Schuldenabbau in Rostock: Neue Saison verspricht Rekord-Budget
Der F.C. Hansa Rostock steckt weiterhin in der sportlichen Misere. Wirtschaftlich vermeldete die Kogge hingegen gute Nachrichten, denn die Schulden gegenüber Investor Rolf Elgeti konnten per Sondertilgung verringert werden. In der neuen Saison wird Vorstandsvorsitzender Robert Marien mit einem Rekord-Etat planen - in beiden Ligen.
Schuldenberg sinkt auf 12,6 Millionen Euro
An der Ostsee laufen einige Dinge richtig gut. So darf sich die Hansa-Kogge über den höchsten Zuschauerschnitt seit 1995 freuen, sowie ein "enormes Mitgliederwachstum" für sich verzeichnen. Auch die Zahlen im Merchandising und in der Vermarktung liegen auf Rekordkurs. Dadurch konnte kürzlich eine Sondertilgung von 1,9 Millionen Euro an Investor Rolf Elgeti geleistet werden. "Wir hatten eigentlich etwa eine Million Tilgung vorgesehen. Wegen des guten Geschäftsergebnisses haben wir uns entschlossen, den Betrag fast zu verdoppeln", verkündete Vorstandsvorsitzender Robert Marien in der "Bild"-Zeitung. Der Schuldenberg der Rostocker sinkt auf 12,6 Millionen Euro.
Hätte Hansa die Extra-Summer lieber in den Kader investieren sollen? Als Tabellenvorletzter geht die Kogge in den Endspurt der Saison. "Wir teilen jeden Euro, den wir mehr einnehmen, in vier Bereiche auf: Modernisierung, Sanierung, sportliche Wettbewerbsfähigkeit, Schuldenabbau. Und das Kader-Budget wurde bis heute nicht komplett ausgeschöpft", erklärte Marien bezüglich der Möglichkeiten. Für eine Zukunft auf finanziell soliden Füßen dürften die Entscheidungen nachvollziehbar sein. Zumal Rostock mit einem Rekord-Etat für die kommende Saison planen kann.
Rekord-Etats in beiden Ligen möglich
Beim Klassenerhalt würde Hansa mit einem Etat von 35,8 Millionen Euro in die neue Spielzeit gehen. Ein Gewinn von zwei Millionen Euro wird dahingehend kalkuliert. "Und das ist nicht zu offensiv geplant, da stecken noch Chancen drin", versprach Marien. Auch weitere Sondertilgungen könnten dann möglich sein, was in der 3. Liga nicht der Fall wäre. Dort hätten die Rostocker zwar ebenfalls ein rekordverdächtiges Budget von 23,6 Millionen Euro, würden aber auch einen Verlust von 1,7 Millionen einplanen müssen.

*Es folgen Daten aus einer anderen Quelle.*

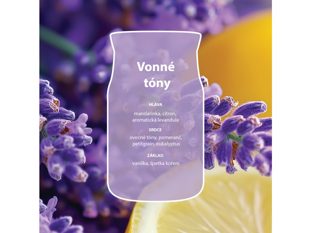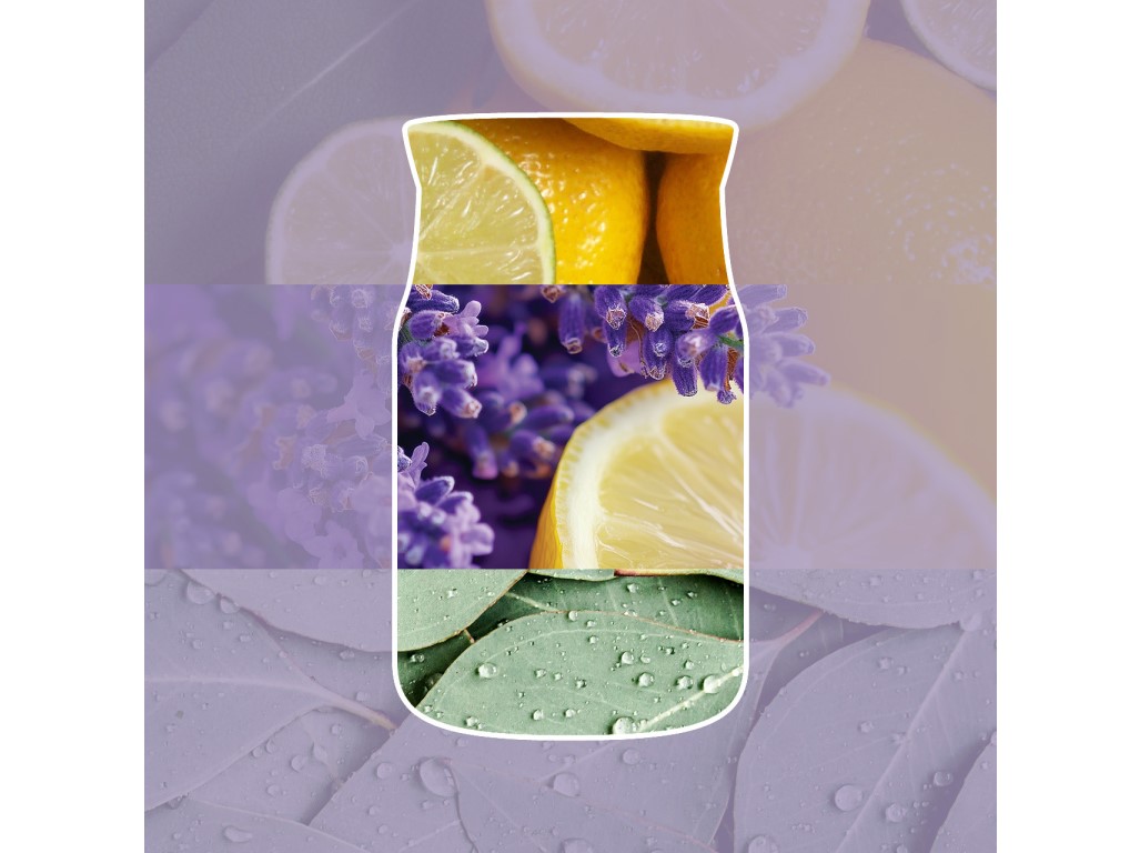 A friss citrom és a megnyugtató levendula harmonikus, üde illattal tölti meg a teret. Az utántöltő nyugalmat, frissességet és elegáns otthoni hangulatot ad.

"Weil wir den Kostenapparat nicht im gleichen Rahmen senken könnten wie die Einnahmen, beim Stadion zum Beispiel können wir nichts reduzieren. Aber im sportlichen Bereich, im Nachwuchs und in der Verwaltung würde es nicht ohne Einschnitte gehen. Das zeigt eben – ohne Druck zu machen – dass es um Existenzen geht", blickte Marien voraus. Fernsehgelder, Werbeerlöse und Zuschauereinnahmen werden geringer ausfallen, sodass rund zwölf Millionen Euro an Einnahmen fehlen könnten. Umso wichtiger wäre für die wirtschaftliche Situation der Kogge, dass die Profi-Mannschaft am Sonntag (13:30 Uhr) gegen Kiel den zweiten Sieg der Rückrunde einfährt.